_TASK TO CARRY OUT:_
When you reach the line containing "Spokey EZRA to", begin reproducing the material exactly, stop after the line containing "ボタンは角度によって黒にも虹色にも見える貝ボタン。", and leave out any pictures along the way.

_INPUT DATA:_
______________________________

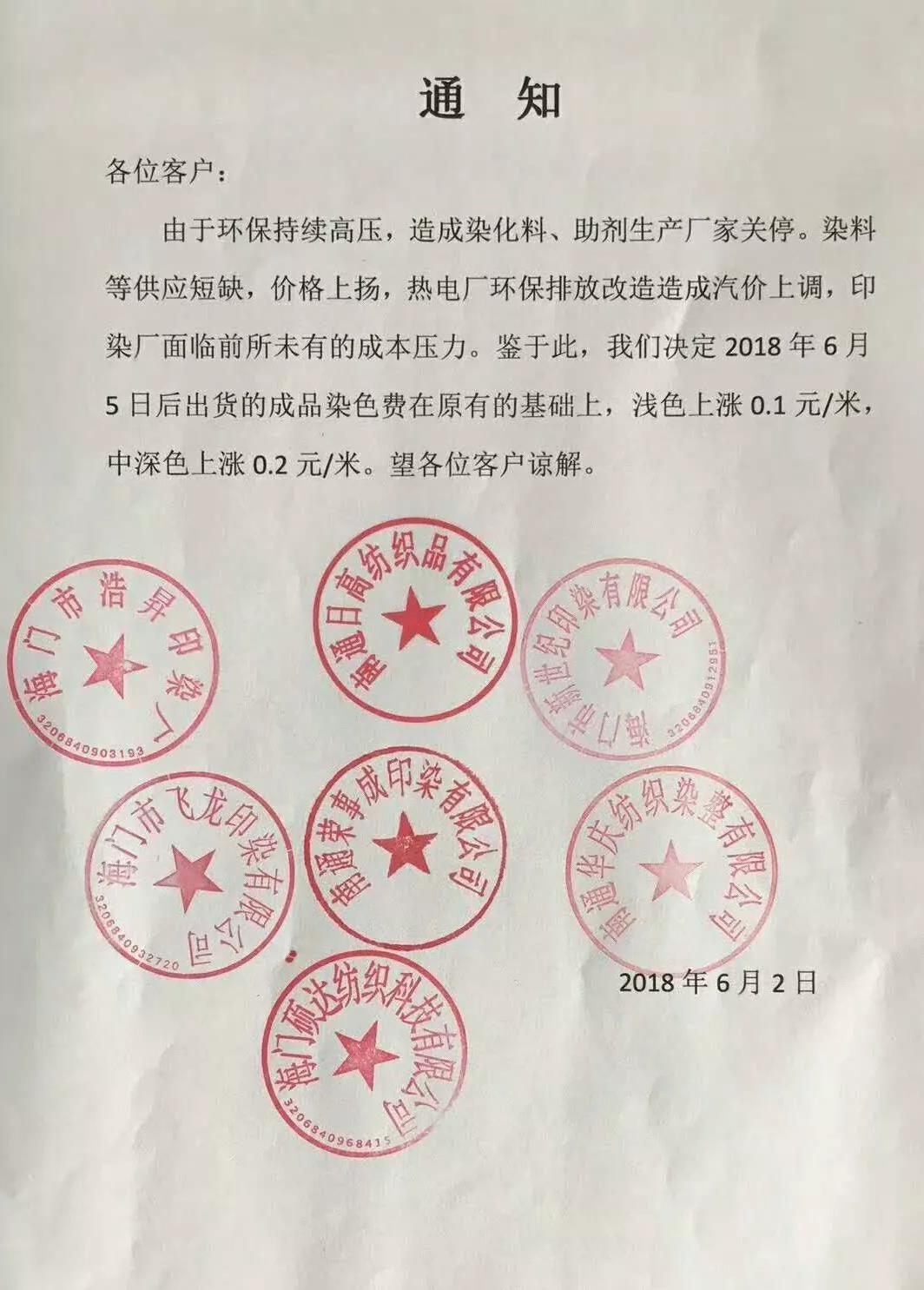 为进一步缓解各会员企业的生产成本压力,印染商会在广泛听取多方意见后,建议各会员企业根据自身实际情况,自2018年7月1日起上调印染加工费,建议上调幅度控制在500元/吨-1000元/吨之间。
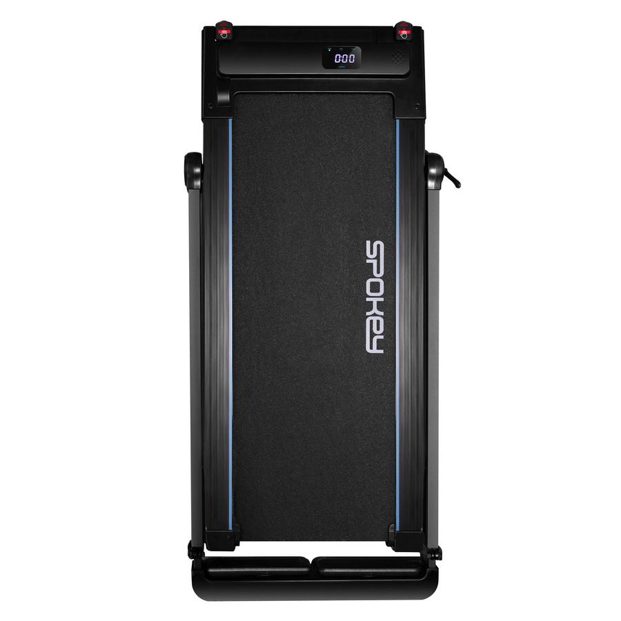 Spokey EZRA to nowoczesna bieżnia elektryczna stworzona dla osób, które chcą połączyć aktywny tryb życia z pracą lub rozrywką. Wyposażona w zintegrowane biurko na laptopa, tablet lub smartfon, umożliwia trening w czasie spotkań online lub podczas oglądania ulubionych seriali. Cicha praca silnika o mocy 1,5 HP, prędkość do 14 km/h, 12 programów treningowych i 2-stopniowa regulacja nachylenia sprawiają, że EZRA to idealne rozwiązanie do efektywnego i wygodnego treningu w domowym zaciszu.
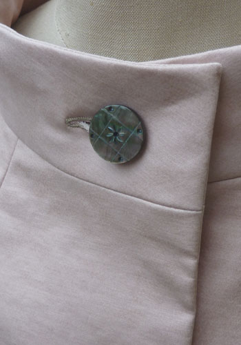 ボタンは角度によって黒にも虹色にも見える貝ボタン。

______________________________

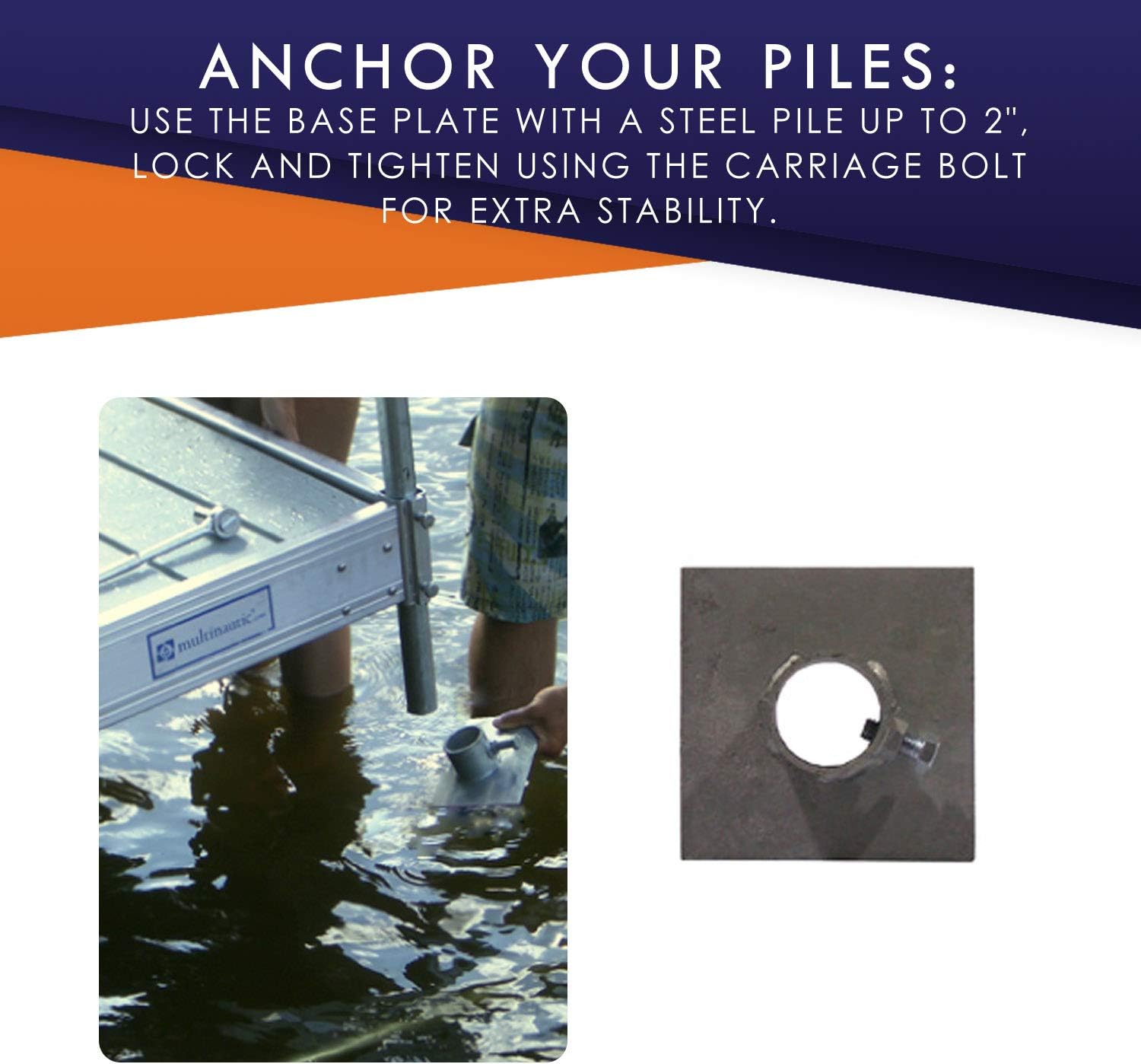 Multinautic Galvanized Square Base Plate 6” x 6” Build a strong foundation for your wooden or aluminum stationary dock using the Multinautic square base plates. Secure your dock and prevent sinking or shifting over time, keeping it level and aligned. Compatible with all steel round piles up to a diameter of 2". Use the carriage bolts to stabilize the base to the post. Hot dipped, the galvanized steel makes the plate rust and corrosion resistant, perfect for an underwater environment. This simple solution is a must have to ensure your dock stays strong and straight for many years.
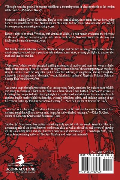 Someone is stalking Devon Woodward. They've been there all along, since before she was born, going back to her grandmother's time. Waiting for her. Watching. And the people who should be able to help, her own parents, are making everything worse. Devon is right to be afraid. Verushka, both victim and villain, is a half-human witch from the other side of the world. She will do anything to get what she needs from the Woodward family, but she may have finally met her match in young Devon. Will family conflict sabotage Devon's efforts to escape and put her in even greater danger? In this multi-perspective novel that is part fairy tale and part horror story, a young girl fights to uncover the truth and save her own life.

______________________________

_YOUR RESPONSE:_
 Spokey EZRA to nowoczesna bieżnia elektryczna stworzona dla osób, które chcą połączyć aktywny tryb życia z pracą lub rozrywką. Wyposażona w zintegrowane biurko na laptopa, tablet lub smartfon, umożliwia trening w czasie spotkań online lub podczas oglądania ulubionych seriali. Cicha praca silnika o mocy 1,5 HP, prędkość do 14 km/h, 12 programów treningowych i 2-stopniowa regulacja nachylenia sprawiają, że EZRA to idealne rozwiązanie do efektywnego i wygodnego treningu w domowym zaciszu.
 ボタンは角度によって黒にも虹色にも見える貝ボタン。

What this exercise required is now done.